Yandori: Multi-Scale Temporal Prediction for Information Stream Compression

Abstract

We present a novel neural architecture for learning compressed representations of continuous information streams through multi-scale temporal prediction. Our system learns to aggregate variable-sized batches of textual content into fixed-size world state embeddings while simultaneously learning to predict future world states at multiple time horizons (1 minute, 1 hour, 1 day). The model incorporates three key innovations: (1) a self-supervised importance weighting mechanism that automatically identifies predictively-relevant content using gradient-based signals, (2) stable single-head temporal attention over historical world states with exponential temporal decay, and (3) hierarchical memory buffers operating at different temporal resolutions.

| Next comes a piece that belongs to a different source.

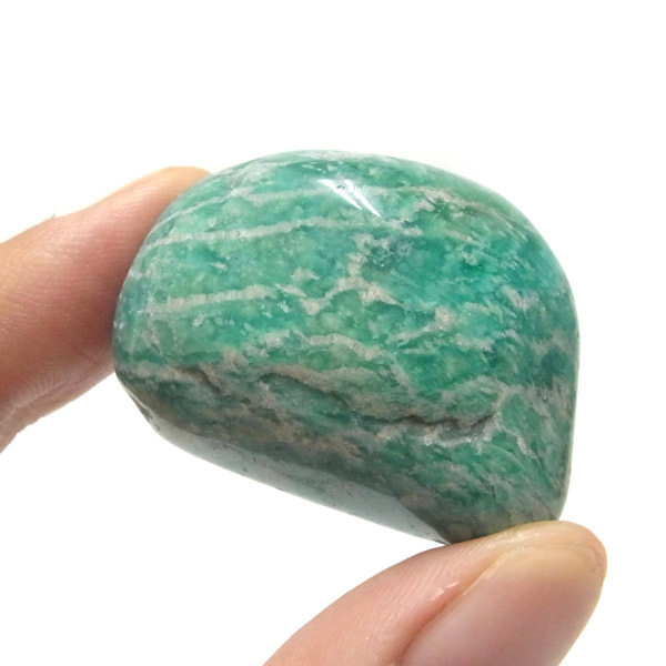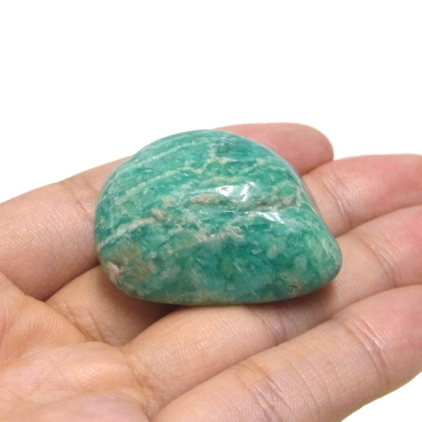 ロシア産のアマゾナイト、タンブルです。アマゾナイトといえば、世界中で広く産地が分布しています。 産地により特徴も様々で、一般的にはロシア産のアマゾナイトは、グリーンに霜を降ったような白の発色が美しいことが特徴です。 ミントをイメージする清々しいグリーンが大変人気の石です。

We demonstrate that temporal prediction serves as an effective pretraining objective for compression, forcing the model to retain information that captures meaningful patterns in information flow rather than merely reconstructing surface content. The system achieves constant memory footprint (~14 MB) regardless of deployment duration while maintaining rich temporal context through exponential moving averages and hierarchical buffers operating at five distinct timescales.

System Architecture

Our system processes time-windowed batches of articles through a four-stage pipeline optimized for continuous temporal streams:

Articles (N variable) → Encoder → Article Embeddings (N × d)

                                      ↓

                   Aggregator (importance weighted)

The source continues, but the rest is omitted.